国税庁発表による相続税の調査実績と今後
Posted on 22/05/2014 by Koji Takahashi
1.最近の動向
相続財産に占める土地の割合が、バブル後の平成4年分の75.9%からどんどん減少し、50%を割る一方で、現金・預貯金等の割合が特に最近増加してきています。 この傾向から現預金等の把握に調査の重点がシフトしてきています。 この結果、申告漏れ相続財産のなかでも現預金等が1,236億円と最も高く次いで土地の560億円、有価証券の431億円の順となっています。
2.海外資産関連
海外資産関連事案の調査も721件あり、多くの申告漏れ等の非違が指摘されました。 国際税務専門官の設置等で海外資産の把握が十分になされた結果とされています。 過小申告加算税等の特例を含んだ国外財産調査制度もいよいよ導入され、更なる課税整備がはかられつつあります。
3.贈与税の実地調査
相続税の補完税といわれる贈与税の調査件数も4599件実施されており、こちらも相続税調査と同様に現預金等の申告漏れが全体の62%を占めております。さらに無申告の事案が多いことも特徴的です。
4.今後
来年の1月から相続税の大幅改正が実施されますが、基礎控除額の縮小等でご自身の相続税申告が必要になるかどうか大いに気になるところです。

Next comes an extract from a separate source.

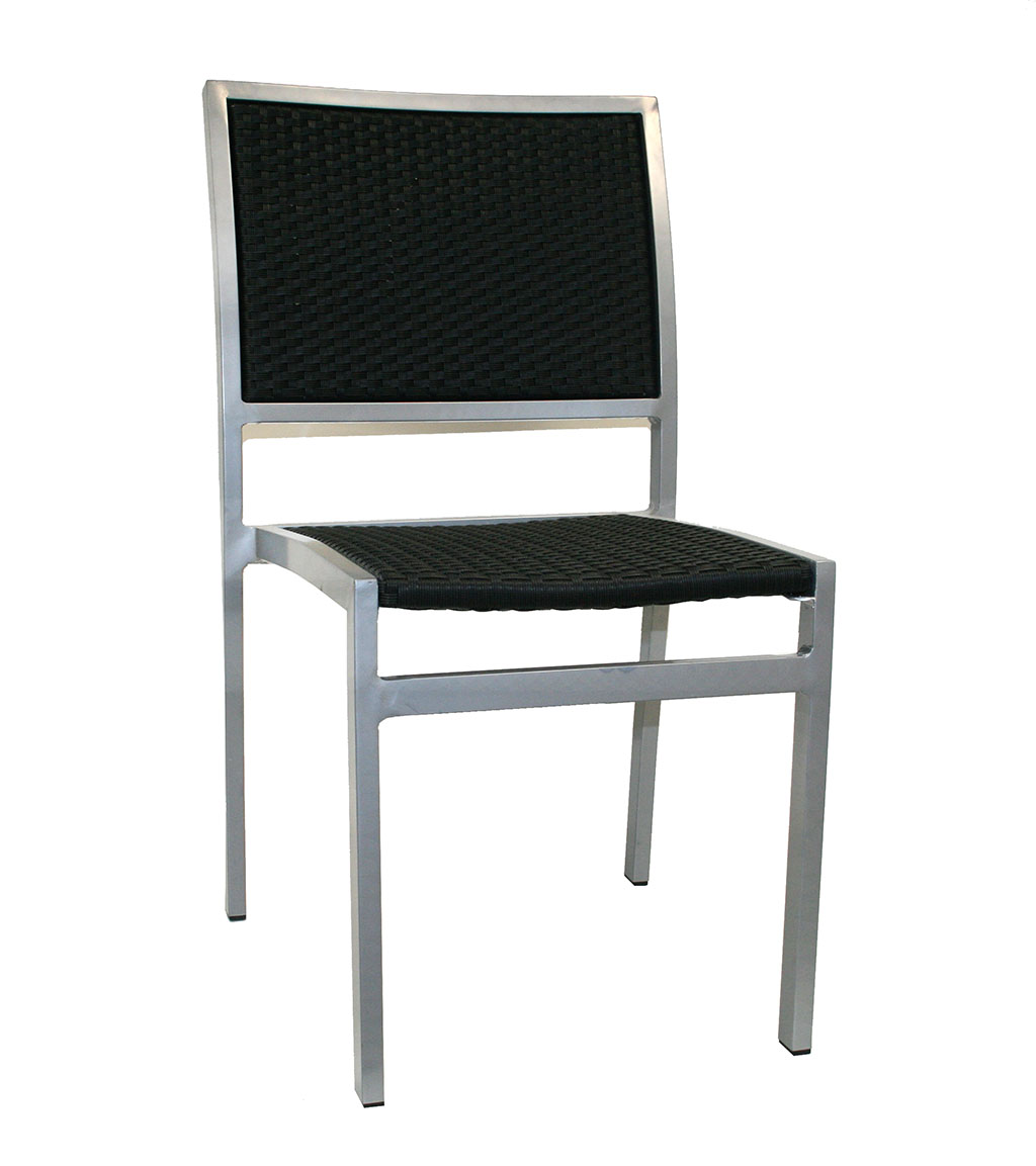 Silla hecha de aluminio y ratán negro para colocar en terrazas de bares y restaurantes.

ここ数年は、相続税の課税割合の全国平均は4.2%程度で推移してきましたが、高齢化社会のもとで、この改正により、今まで相続税の課税対象者が5万2400人程度だった数から相当数増加すると予測されています。
特に家族名義の預貯金の明確な区分については、相続税でも贈与税でも預貯金等がターゲットになっておりますので、細かい管理(各自の管理)を今からでも実行すべきだと思われます。